– Дух народа не дано уничтожить никому, – произнес он, – даже тебе. Ты не сможешь приказать мне – воплощенной крови, а следовательно, душе ираклийского народа!
– Я знаю, Глахуна, – Августа не могла оторвать взгляда от мельхиорового лунного мира за окном. – Генерал Толстой любит повторять, что народы – это мысли Бога. Но у Бога нет конечных, застывших, отлитых в неизменные, как монеты, формы мыслей.
– Но почему именно мы, ираклийцы? – воскликнул Глахуна. – Почему ты начинаешь с нас? В мире столько разных народов!
– У каждого из них свой путь, – пожала плечами Августа. – И он не в том, Глахуна, чтобы противиться предопределению.
Президент Ираклии молча развернул на столе старинную кожаную карту Кавказа. Ее делали настоящие мастера, какими славилась в прошлые времена эта земля. Карта была рельефной. Августа узнала под лунным светом крохотный Эльбрус, извилистые синие линии Терека и Куры. Глахуна извлек из выдвижного ящика стола скальпель, тщательно протер его смоченным в спирте ватным тампоном.
– Ты хочешь меня зарезать скальпелем, Глахуна? – искренне удивилась Августа.
Ей вспомнились слова генерала Толстого, что в народах, исповедующих на протяжении веков идею этнической чистоты и патриархальности (а ираклийцы были именно таким народом), процент сексуальных и интеллектуальных извращенцев едва ли не выше, чем в народах, напрочь отрицающих собственную историческую сущность, смешивающихся с кем и чем угодно, довольствующихся так называемой массовой культурой, то есть, в сущности, ничем, телевизионным экраном. По генералу Толстому, таким образом, все народы были похожи друг на друга, все были полусумасшедшими братьями, независимо от того, какими представлениями вдохновлялись их вожди.
Глахуна тем временем сделал на своем запястье аккуратный, но глубокий надрез. Кровь, темная в лунном свете, как гранатовое вино, пролилась тонким ручейком на старинную кожаную карту. Августа увидела, что предполагаемая линия нефтепровода вычерчена на карте черной тушью. Кровь из руки Глахуны не пожелала течь вдоль черной линии, прихотливо соскользнула с территории Ираклии.

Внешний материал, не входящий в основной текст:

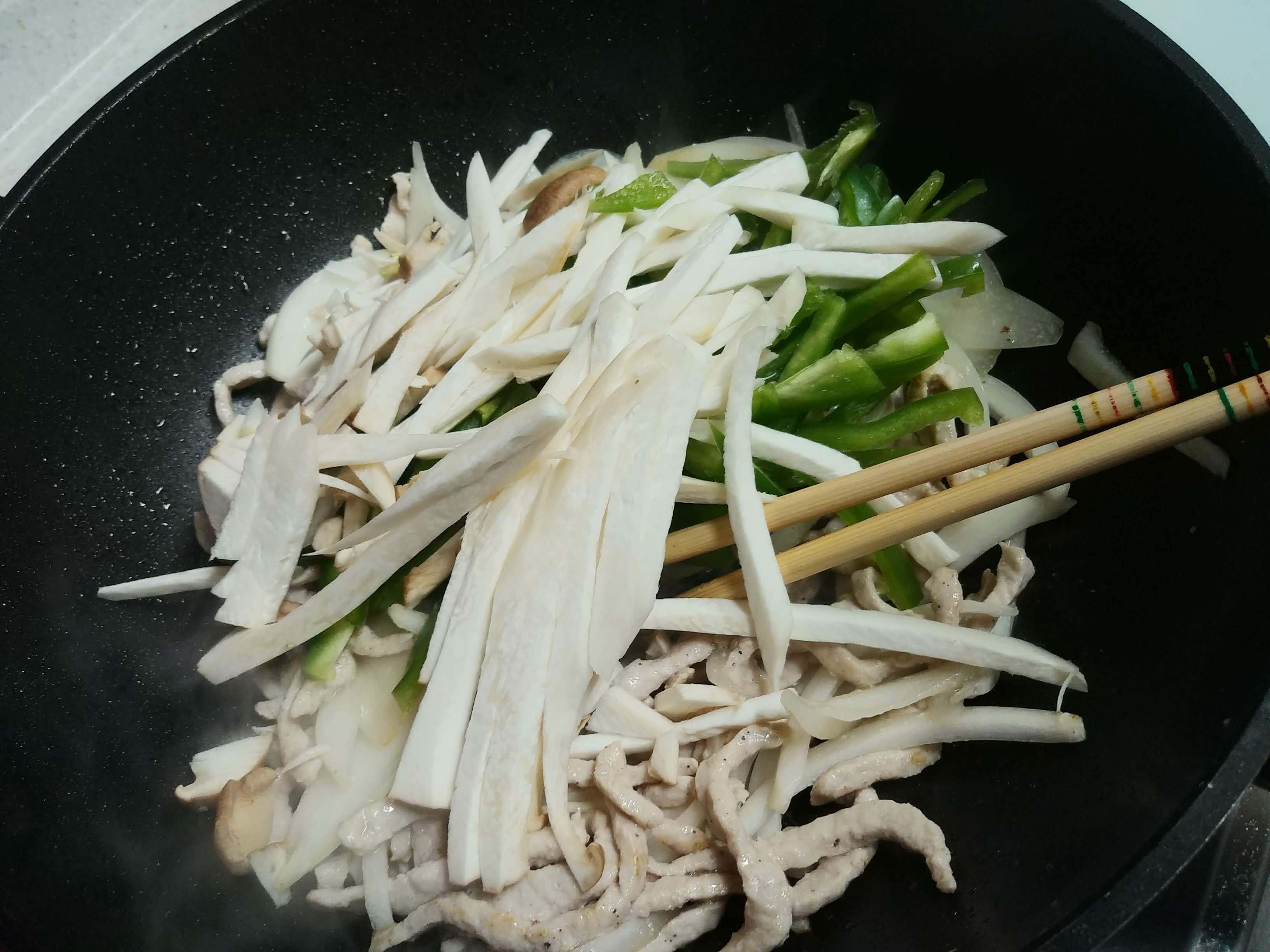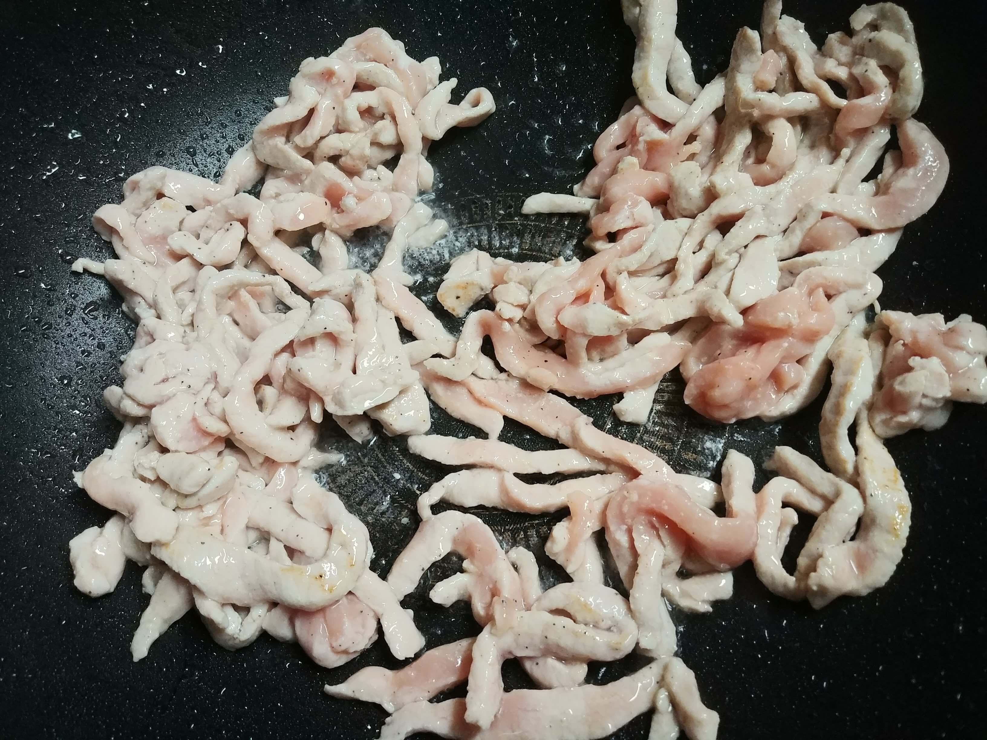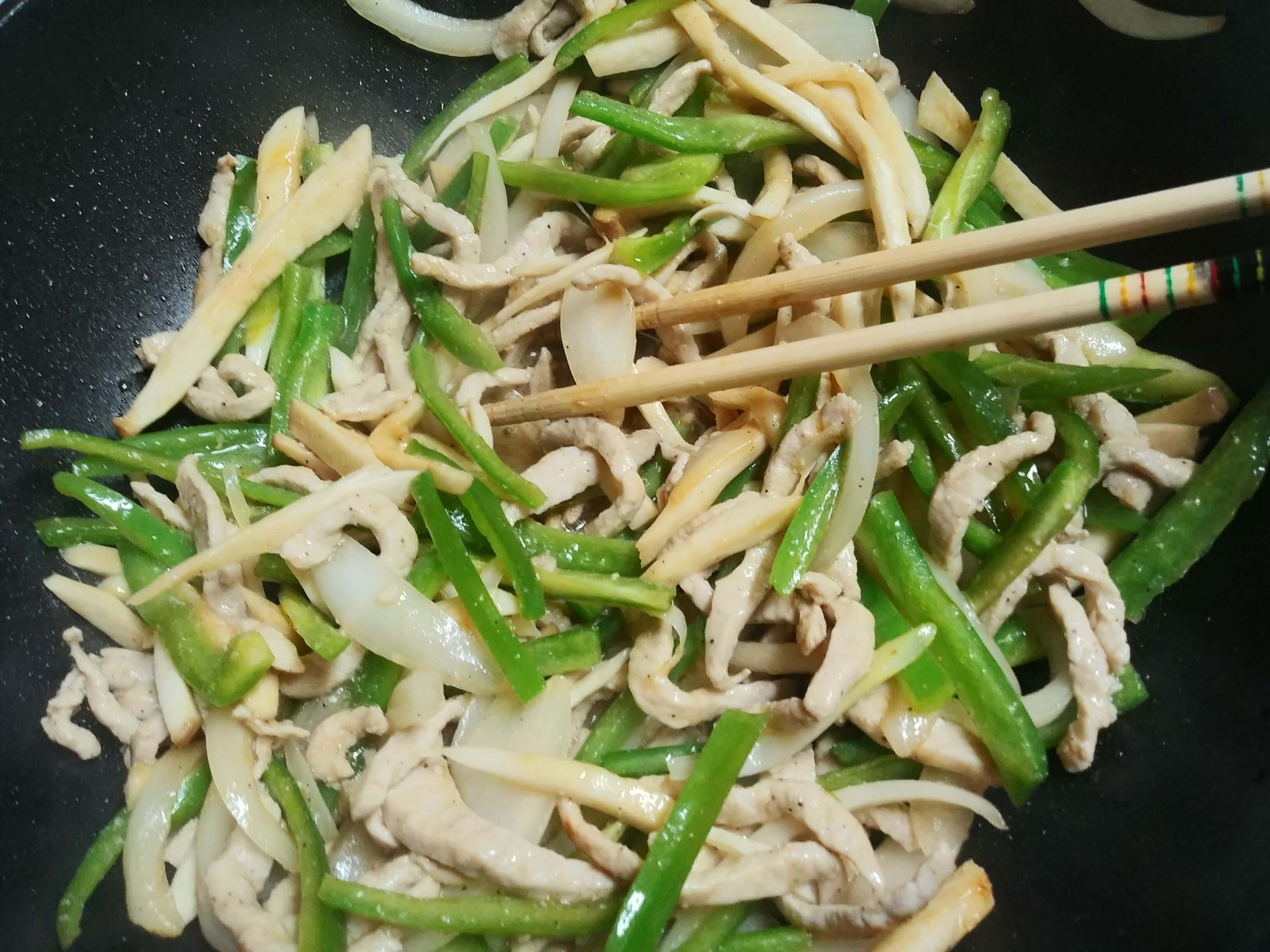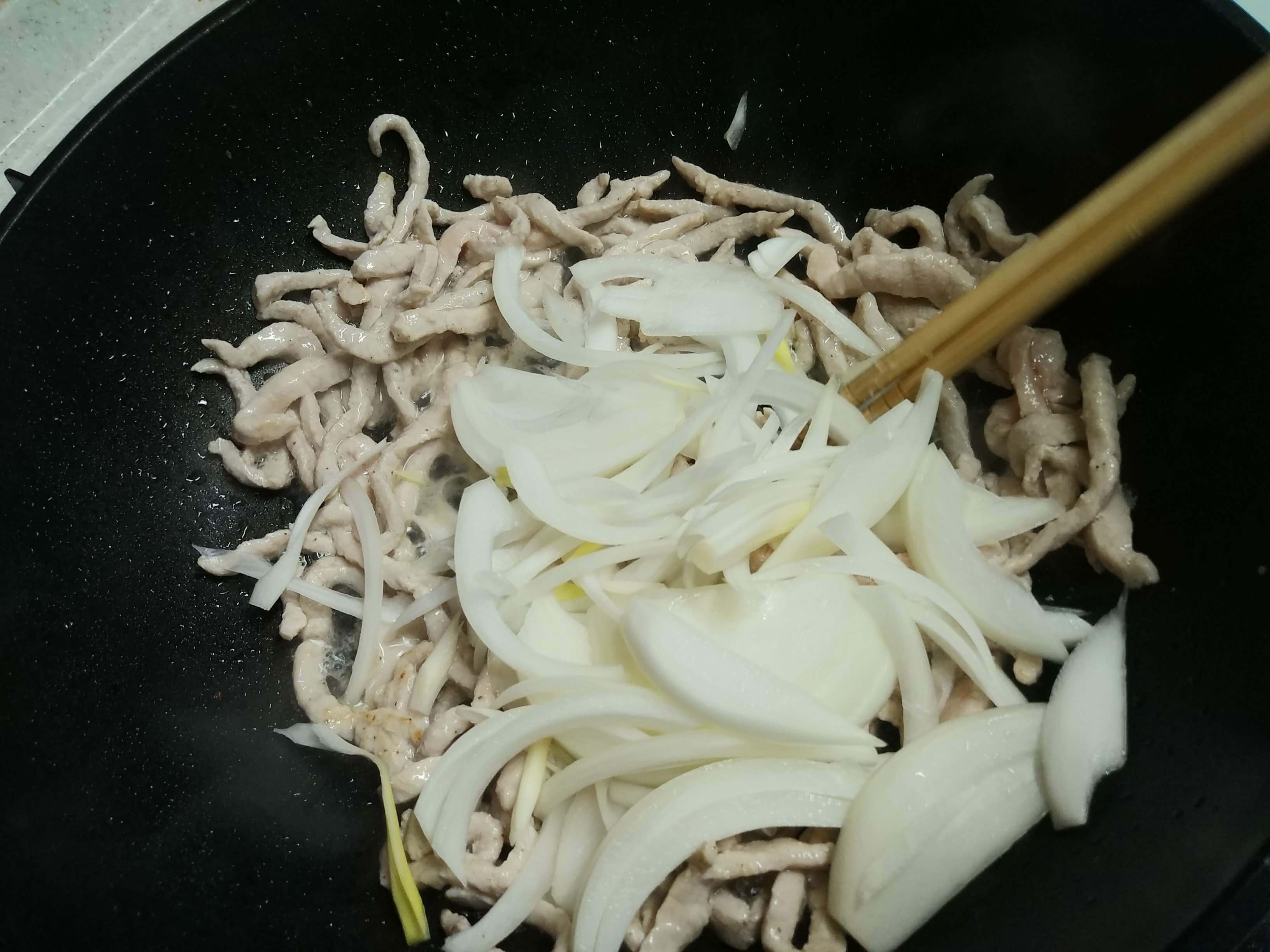 원래 고추기름으로 볶기도 하지만 오늘은 하얗게 볶았습니다. 식용유를 살짝 두르고 고기를 볶습니다. 마늘이나 생강을 채 썰어서 볶다가 고기를 넣고 볶아도 향이 좋습니다. 오늘은 간단하게 만듭니다. 고기가 어느 정도 익으면 양파를 넣습니다. 계속 볶아줄 거라서 고기가 완전히 익지 않아도 양파를 넣어서 같이 볶다 보면 익습니다. 불은 줄이지 않고 센 불로 볶아야 수분이 나오지 않습니다. 중식 볶음이 모두 그렇듯이 센 불에 빠른 시간에 볶아내야 합니다.

– Ты видишь, мой народ не хочет нефтепровода, – поставил локоть на карту Глахуна. – Возьми скальпель, принцесса, сделай надрез, увидим, чья кровь сильнее.
Впервые в жизни Августа участвовала в столь странном армрестлинге. Она, как только что Глахуна, чуть надрезала руку, поставила локоть на стол, переплела свои горячие пальцы с холодными, как снег на горных вершинах, пальцами президента Ираклии. Августу приятно удивила чудесная сила, вдруг снизошедшая на ее руку. Рука Августы сделалась непреклонной и твердой, как мельхиор. Пальцы президента Глахуны таяли в ее пальцах.
Августа и представить себе не могла, что у нее такая умная и организованная кровь. Едва коснувшись кожаной поверхности карты, кровь Августы разделилась на капли, построилась в геометрически безупречное каре, наподобие знаменитой фаланги Александра Македонского. Ручеек крови президента Глахуны бестолково заметался между гор и долин.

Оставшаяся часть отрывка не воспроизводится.